An LHG spokesperson added: “The group of patients the NHS is trying to accommodate at this stage is recovering or is recovering from Covid and is medically fit for discharge and therefore does not require specialized medical supervision or specialized care. but still can’t go home. This frees up space and capacity for NHS beds and is relatively easy for hotels to install. “
But the plan has sparked controversy, with patient groups expressing discomfort at its impact. Lucy Watson, President of the Patients Association, said: “This is a desperate situation, in which the NHS often does not have good options available. Discharging patients from hospital is likely to be one of the few options open to the NHS to manage the magnitude of the current need.
“However, early discharge can often cause problems that result in patient harm and the need for readmission. The care of volunteers in hotels is not an adequate substitute for adequate hospital care. But at a time when hospitals are overwhelmed by critically ill patients and struggling to prevent large-scale loss of life, they will clearly be making desperate decisions. “
Dr. Charlotte Augst, Executive Director of the umbrella group of health charities National Voices, said: “We have questions about where the health and care staff who will care for these people will come from and how any deterioration will be addressed given the long waits. for 111 or 999 services.
“In our opinion, this proposal is indicative of the unpleasant decisions that NHS leaders are now forced to make due to the immense pressures placed on the system by this latest blockade that comes once again too late to protect the NHS’s ability. of providing universal, high-quality services for all. . “
Jeremy Hunt, the former health secretary who now chairs the Commons health select committee, warned Tuesday that the NHS is facing a “triple whammy” of pressures that could leave it dangerously exposed this winter and mean that further pressure may not get through February.
Chris Hopson, executive director of NHS Providers, said the trusts would expand capacity, but “will also work closely with community services and social care partners to maximize discharge of medically eligible patients.”
Meanwhile, the NHS is asking nursing homes to start accepting Covid patients directly from hospitals and without a recent Covid test, The Guardian has learned.
The policy had been to send Covid patients to designated “hot” nursing homes where the spread of the infection could be limited and prevent a repeat of last spring’s epidemic in nursing homes, which was in part driven by those discharge from hospital.

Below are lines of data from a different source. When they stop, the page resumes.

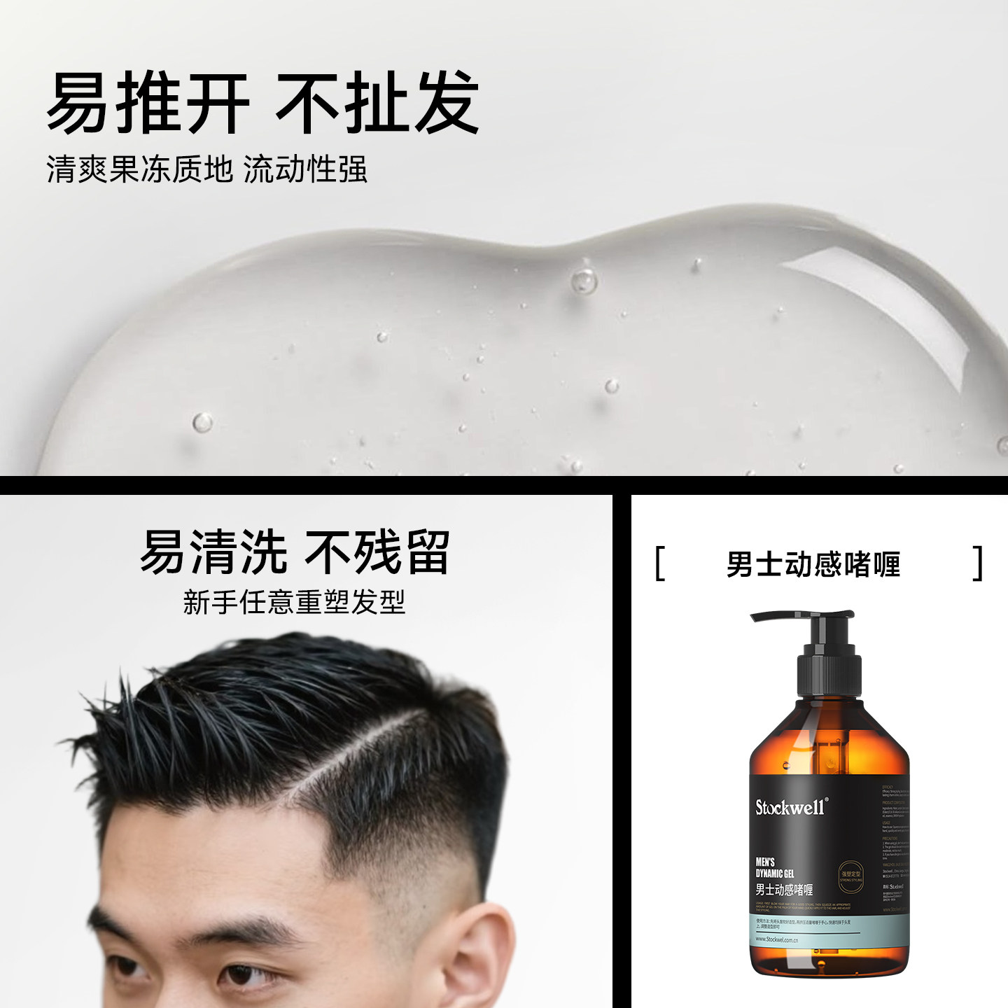 📚 Stockwell啫喱膏男士定型保湿啫喱水发胶强力发蜡泥油头背头清香
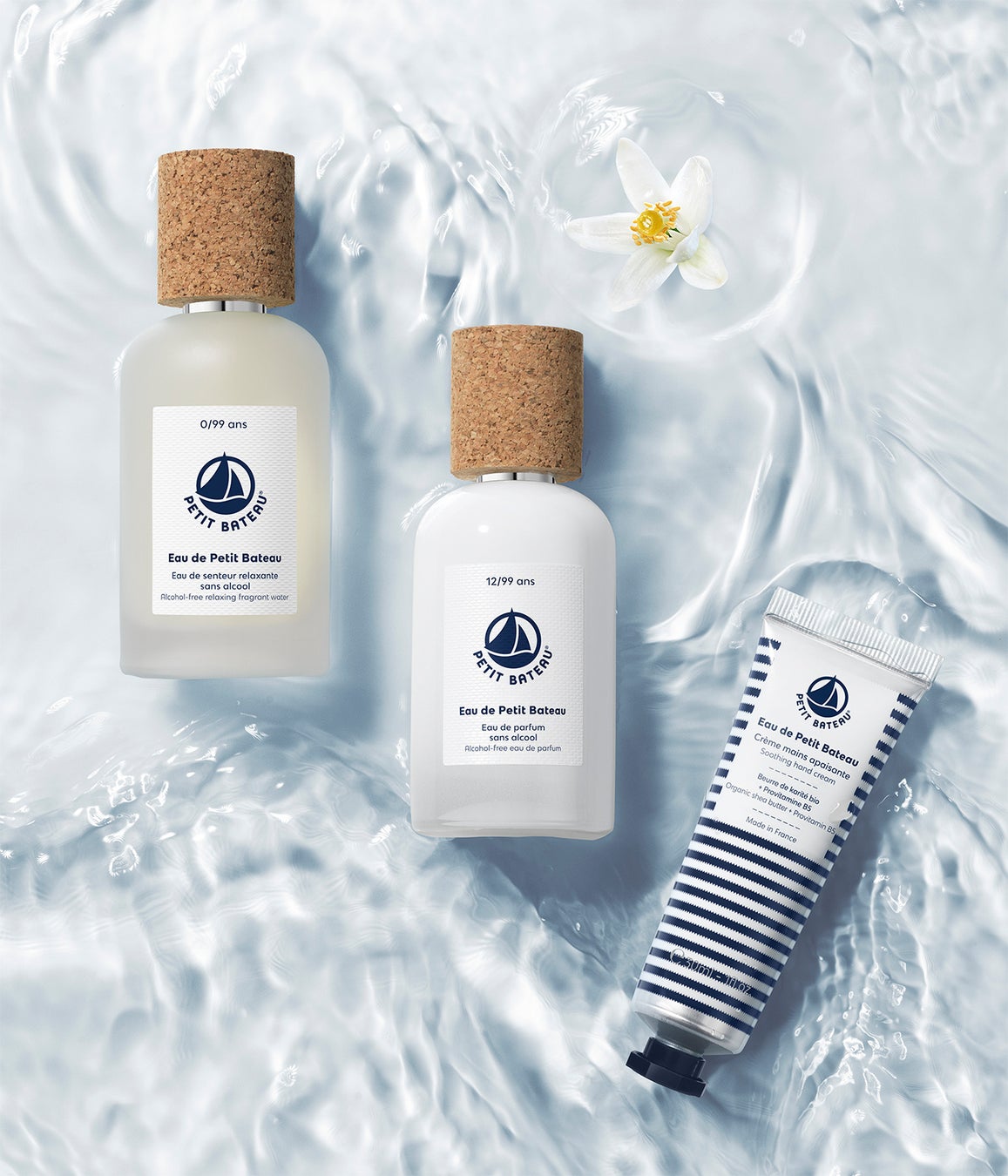 香り成分に、プチバトーのシグネチャーフレグランス「オー・ド・プチバトー」を贅沢に使用。「オー・ド・プチバトー」はお肌の敏感な新生児から使用できるフレグランス*⁶で、アルコールや不要な添加物を含んでいません。
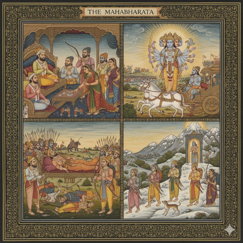 המהבהארטה היא האפוס ההודי העצום – יצירה פיוטית בת יותר ממאה אלף בתים, המגוללת את מלחמתם של בני משפחת קורו, הפאנדווים והקאורווים, על שליטה בממלכה. אך מעבר לסיפור ההרואי, היא מהווה אנציקלופדיה של החיים והחכמה ההינדואית: דיונים על מוסר, צדק, חובה (דהרמה), נאמנות ודרך ההתנהגות הנכונה.
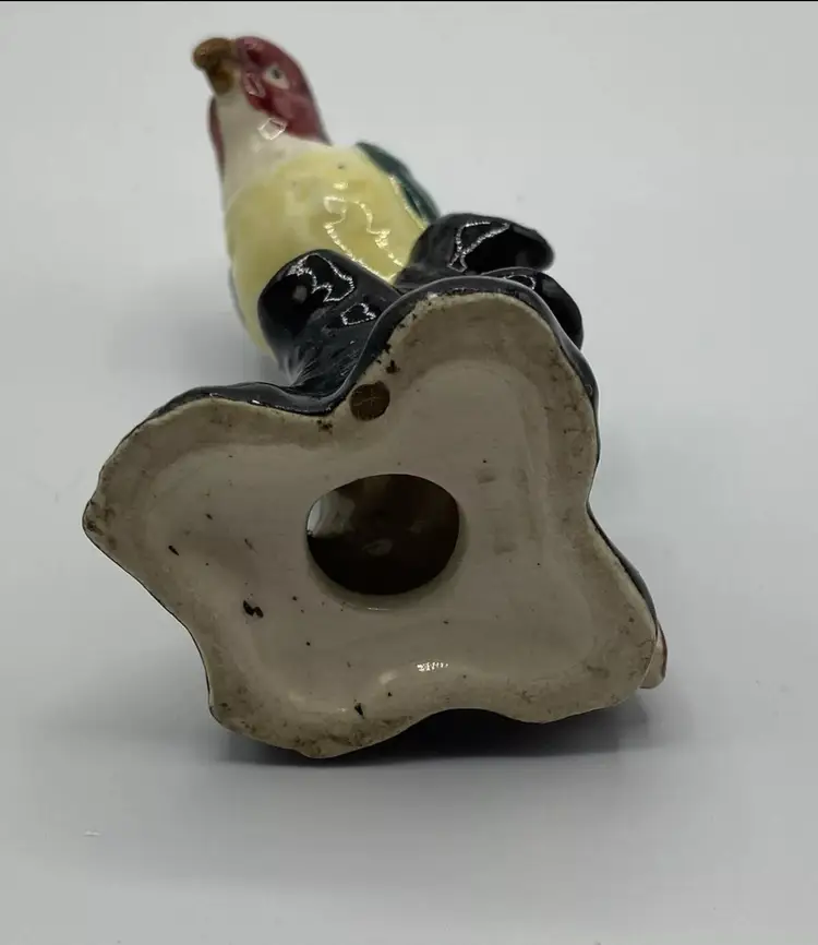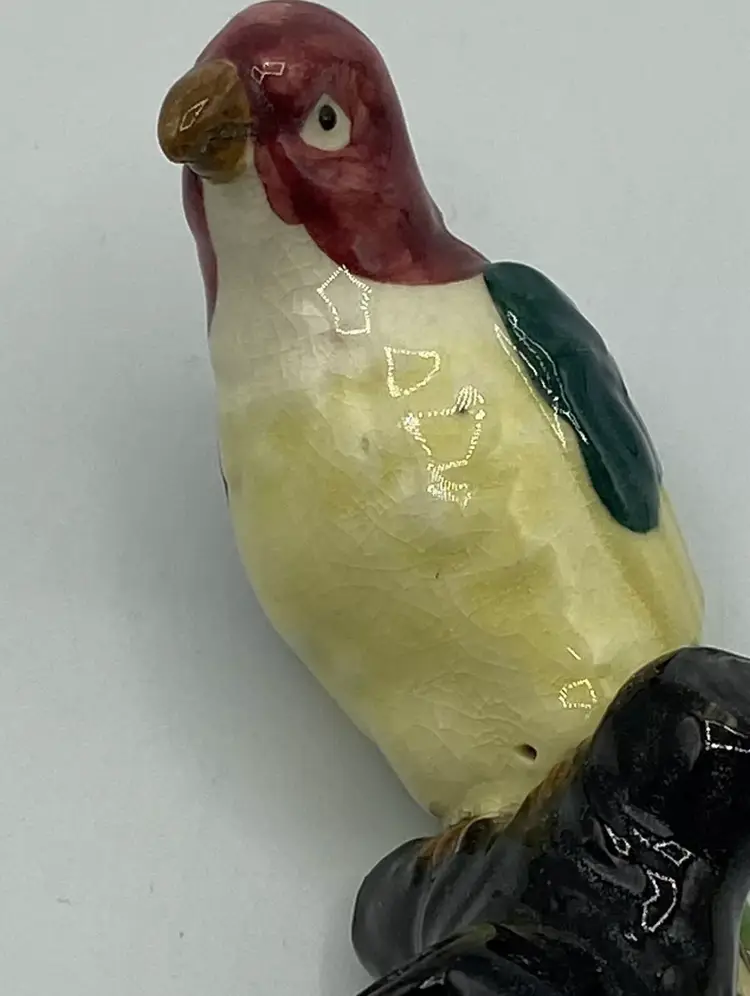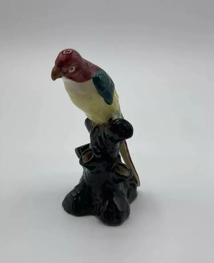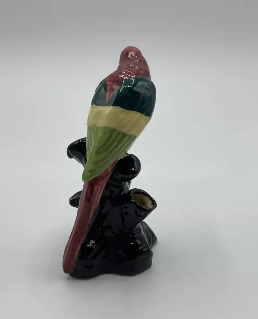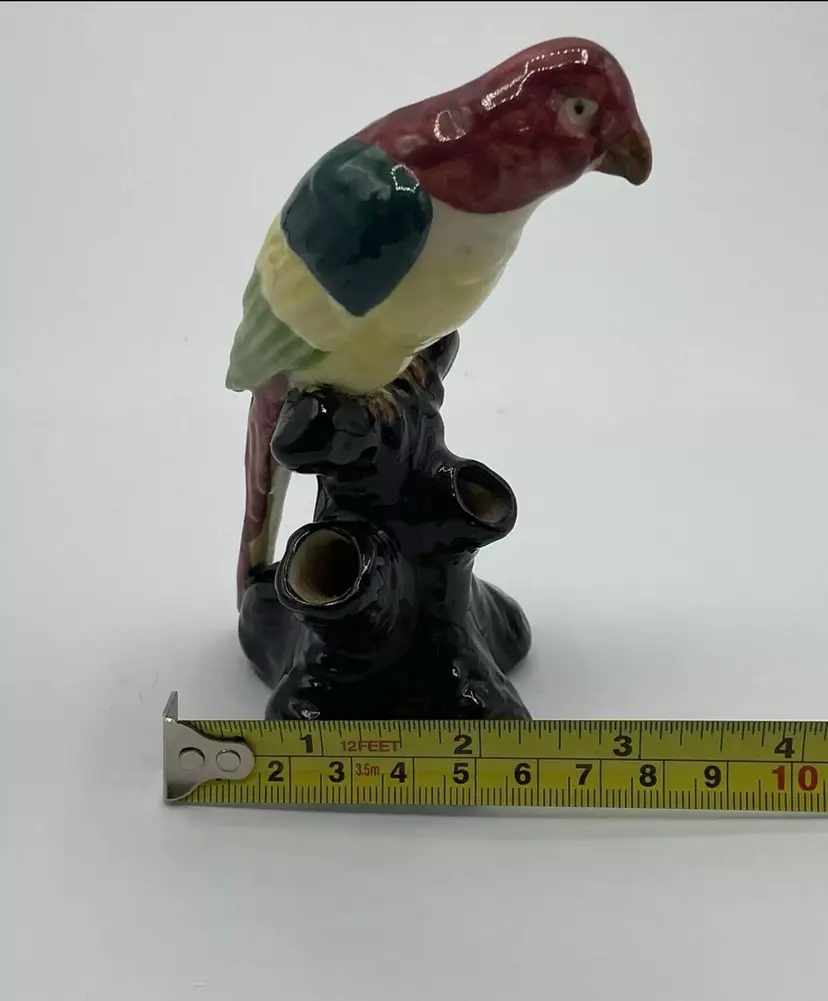 Ceramic Flower Frog Vintage Parrot On Black Stump Unmarked. Condition is "Used". No chips or cracks. Crazing is consistent with age.

But the goal of establishing 500 homes of this type has not been met, leaving only 2,533 beds available.
An NHS document sent to some care providers says: “We are now advising that for some within this group, it will be appropriate for them to move directly into a nursing home from the hospital… because we now know that they do not pose a risk of infection for other residents in a nursing home “.
If doctors assess that a patient has no new symptoms or exposure to Covid and has completed their period of isolation, they can be discharged directly to a nursing home without further testing for Covid in the 48 hours prior to discharge, it adds.

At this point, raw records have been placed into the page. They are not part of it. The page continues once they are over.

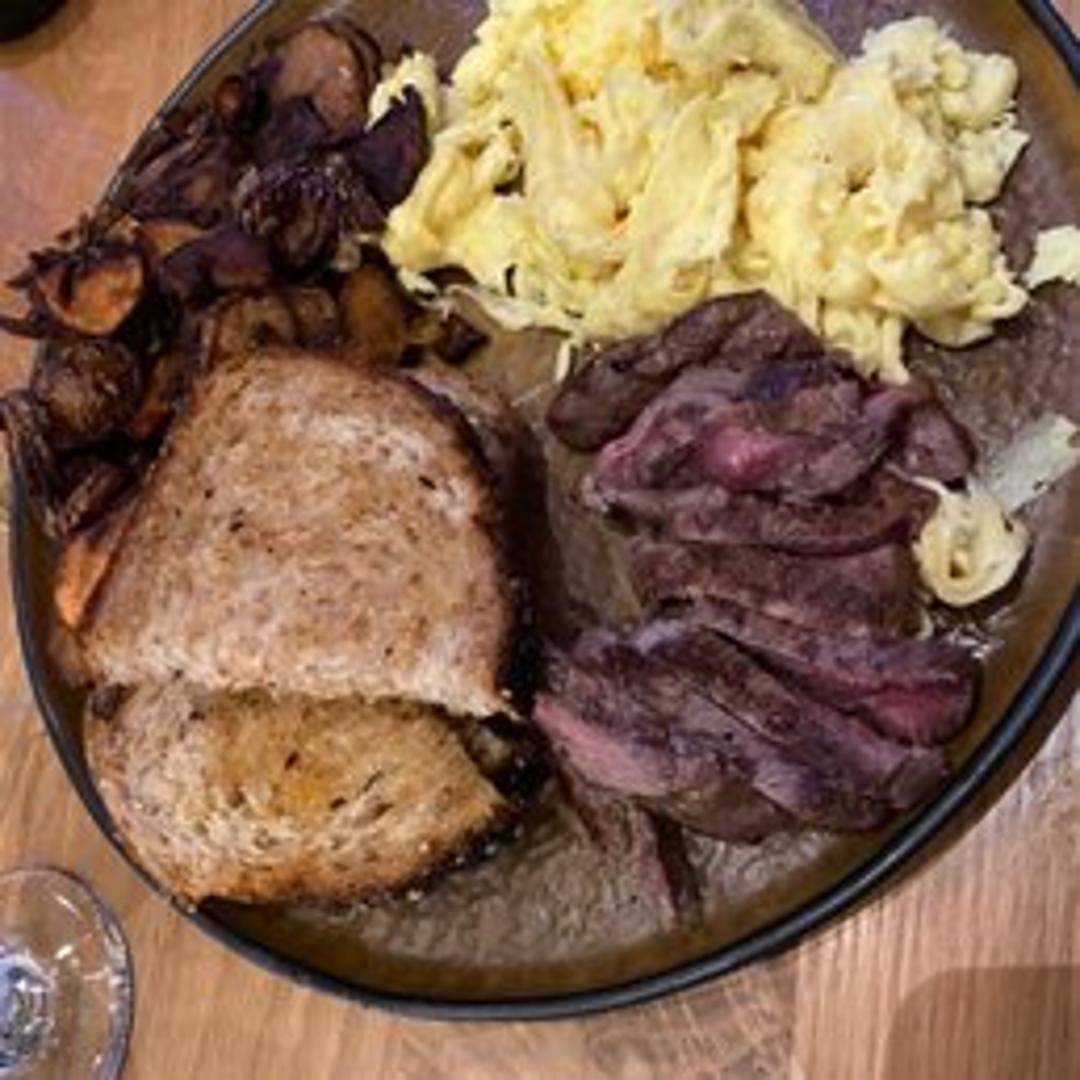 Fuel your day with the timeless classic, Steak and Eggs. Enjoy a tender, perfectly cooked cut of steak paired with two farm-fresh eggs prepared just the way you like them. A robust and satisfying breakfast or brunch option that truly hits the spot.
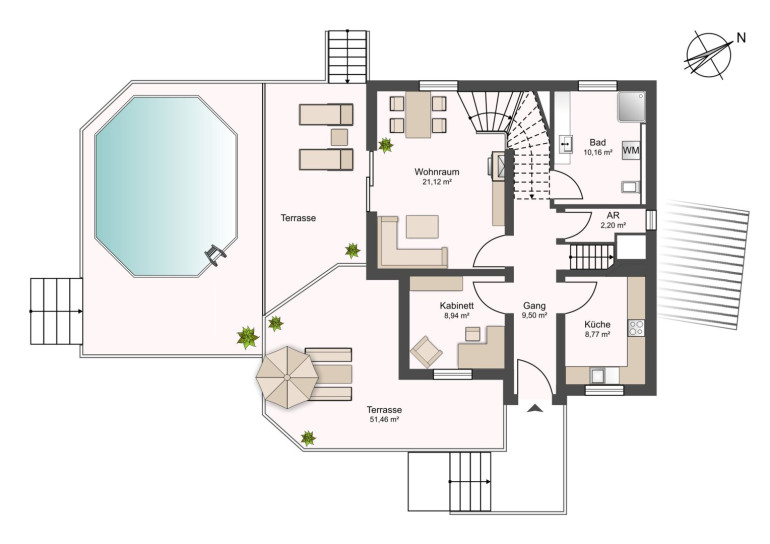 - Große, teils überdachte Terrasse & Pool
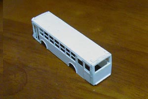 側板が乾いたら、それらを箱型に組み、屋根も接着します。 屋根パーツにはあらかじめ通風機が成型されていますが、このバスには必要ないので全て削ります。彫刻刀で削り、紙やすりで仕上げる(省略可) これでバスらしくなってきました。 |

The plan has raised concerns among care operators who want assurances that anyone who leaves the hospital 14 days after a positive test still cannot transmit the virus.

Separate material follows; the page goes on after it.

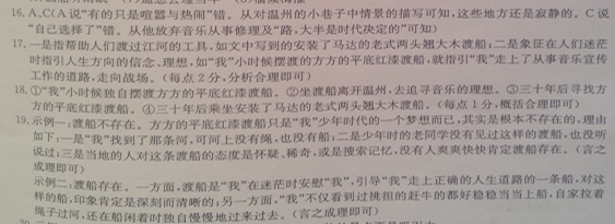 渡船 林斤澜 我离开温州三十多年,有时候会忽然梦见渡船。 有几年我住在蝉街外婆家里,蝉街不一定因蝉多得名,整个小城都在蝉声中过三伏天。蝉成日喧叫,但它悠悠的单调的声音,却浸透了寂静。 春天时节,绵绵的春雨空档里,漏下黄黄的阳光,我会忽然心慌起来,这种心慌,土话叫作“摇翼”,很形象。我一“摇翼”就赶紧跑出去,跑出悠悠的寂静去。跑出了三角门,跑过“存厂”,穿过田野,来到城外淡绿的河边,河面上横着一条粗绳,绳下一只红漆渡船,方方的平底的渡船挑担的赶牛的都好稳稳当当上船,自家拉着绳子过河。船常常闲着,我独自慢慢地过来过去。离开温州前几天,特别去坐渡船。离开是有目的地,但是千里迢迢,战火漫漫,没有一点把握实际还是个小孩子的心,觉得渡船渡到河中央,就好比到了生身之地的怀抱中间,心就静定下来,暗暗朝拜音乐女神,誓不变心。 去年我回到温州,住在松台山下的华侨饭店,当然是新楼,有水电,有沙发,有卫生间,有屋有堂有花圃。松台山脚还有个居高临下的剧院,晚上要仰起头来看电光灯。蝉街的河没有了和闹市五马街连接起来。城墙和三角门早就扒平了,我顺着马路走到城外,城外还是马路,“存厂”变成了工厂。马路的背后,寻着了田野,寻着了河,但河上没有绳,没有渡船,没有平底的方方的红漆渡船。 有回过一条江,渡船是只老式两头翘大木船,安装了个马达。拎菜篮的,背书包的,拿着篮子的老人家,一会儿站满了船舱船头。有一个十七八岁的女孩子,裤脚卷到腿肚那里,肩上背枪一样一条空扁担,扁担头上缠着空口袋。大家好像都认识,有人笑着说:“钞票赚着了。”女孩格格一笑,把头一扭,眼睛里的得意闪电一样。满船是多年思念的乡音,满船是思念里没有的说话“钞票,钞票”,“赚着,赚不着”……四面的人声里,忽然有一个低音撞到我耳朵里,碰着我不晓得哪一条筋,一个名字跳了出来,我冒叫一声,两声……一个白发苍苍,瘦脸黑黑的人站在我面前一分钟以后,两人都认出来是三十多年前的老同学。他的低音浑厚,当年他的本事是从上衣兜里抓出一支笔,有时甚至是一把牙刷,就指挥我们唱起响亮的“枪口对外,齐步向前!” 我们真真肩并肩走向战场。“我是海岸的哨兵”,“拿起鸟枪、铁锤、剪刀、石头、火炮……想象中,我们和日本鬼子巷战,肉搏,白刃相见。 我问他这些年在干什么呢?他说修理单车摩托直到拖拉机。他说他过了青年时期,才明白自己秉性不爱活动,根本也不是音乐材料。 他转过头去看江水,好像在问,当年的路是自己选择的吗?那时候自己会选择吗?同学朋友一个个不像浪连着浪吗?一个个叫浪推着走,叫浪卷进去了……路,大半是时代决定的。 不过我还是想我那条小河上的渡船,拉着河面上的粗绳到了河中央,祈求养育我的大自然,给我启发,帮我下决心。我打听哪里还有平底的方方的渡船。 他惊讶起来,用眼角睃着我说,从来没有见过这样的渡船,也没听说过,怎么会有四方的船呢? 刹那间,他疑心我做梦,我疑心他健忘。 我常常从松台山下,走过蝉街五马街。一路人撞人,从人缝里插过去,耳朵边嗡嗡地全是乡音,不过一个人也不认识。乡音满街满城,好比潮水,带泥带沙带泡沫带残渣的浑沌沌的潮水,我不熟识。 立刻从大街转进小巷,走石板路,推开油漆剥落的双扇前门,或是单扇白木变黑了的后门,走进潮湿的院子,走上苔藓镶边的石阶,走进幽暗的厢房,或是楼板晃晃的楼房,坐下来喝新鲜的绿茶,吸红牡丹香烟,和老朋友悠悠闲谈。 但方方的平底的红漆渡船呢,没有人爽爽快快肯定有过,多半是怀疑,是稀奇,是搜索记忆。我也糊涂起来了,莫非把庄子的方舟,或者圣经的方舟,掺杂到多年的乡思里去了。 我多住了些日子,认识了一些青年,我听见三四苯并芘、信仰危机、意识流、蒙太奇……这都在小巷里的斗室里,好比水潭,这里有寂静,有清澈,有深沉,有“摇翼”的心慌,有明天的梦。 我又离开温州时,更加相信过去有过方舟,挑担的赶牛的都能够稳当站着过河,也站过心慌的少年。 我相信现在也会有,只不过一时说不清在哪里。方方的平底的红漆渡船呀,我还要寻你,也许明天就会心慌起来,千里迢迢回去寻你。 16.下列对文章有关内容的赏析,不准确的两项是(4分,两项都对得4分,答对一项得2分,有错项得0分) A.三十年前的温州显得较为寂静,而三十年后的温州却发生了巨大的变化,不再有昔日的寂静,有的只是喧嚣与热闹。 B.“我”小时候有“摇翼”的心慌,反映出“我”当时内心对人生道路的迷茫,而恰恰是城外河上的渡船给了“我”坚定的信心。 C.“我”在温州偶遇老同学,他和“我”一样在三十年前自己选择了一条从事音乐的人生道路,他指挥“我们”演唱过抗日歌曲。 D.“我”认识了一些青年,听见三四苯并芘、信仰危机、意识流、蒙太奇,这从青年追求新事物方面展现了温州的变化。 E.文章以“渡船”为线索叙事,从三十年前写到三十年后,重点写作者三十年后对心中渡船的找寻,前后呼应,结构严谨紧凑。 17.“渡船”有着怎样的含义?请结合全文简要分析。(4分) 18.本文写了“我”哪几件与渡船有关的事?请简要概括。(4分) 19.“我”找不到渡船,有人说这渡船不存在,有人说渡船被人们遗忘,你对此有何看法?请结合全文谈谈你的认识。(8分) 参考答案

“We’ve said that we need to see strong clinical evidence,” said Nadra Ahmed, executive president of the National Association for Care, which represents independent care operators. “We need to have absolute confidence if someone leaves the hospital after being positive for Covid that they are no longer infectious.”
Professor Martin Green, CEO of Care England, which represents private care providers, said: “The key is that nursing homes must decide and hospitals must not put undue pressure on nursing homes.”
The Department of Health and Social Assistance has been contacted for comment.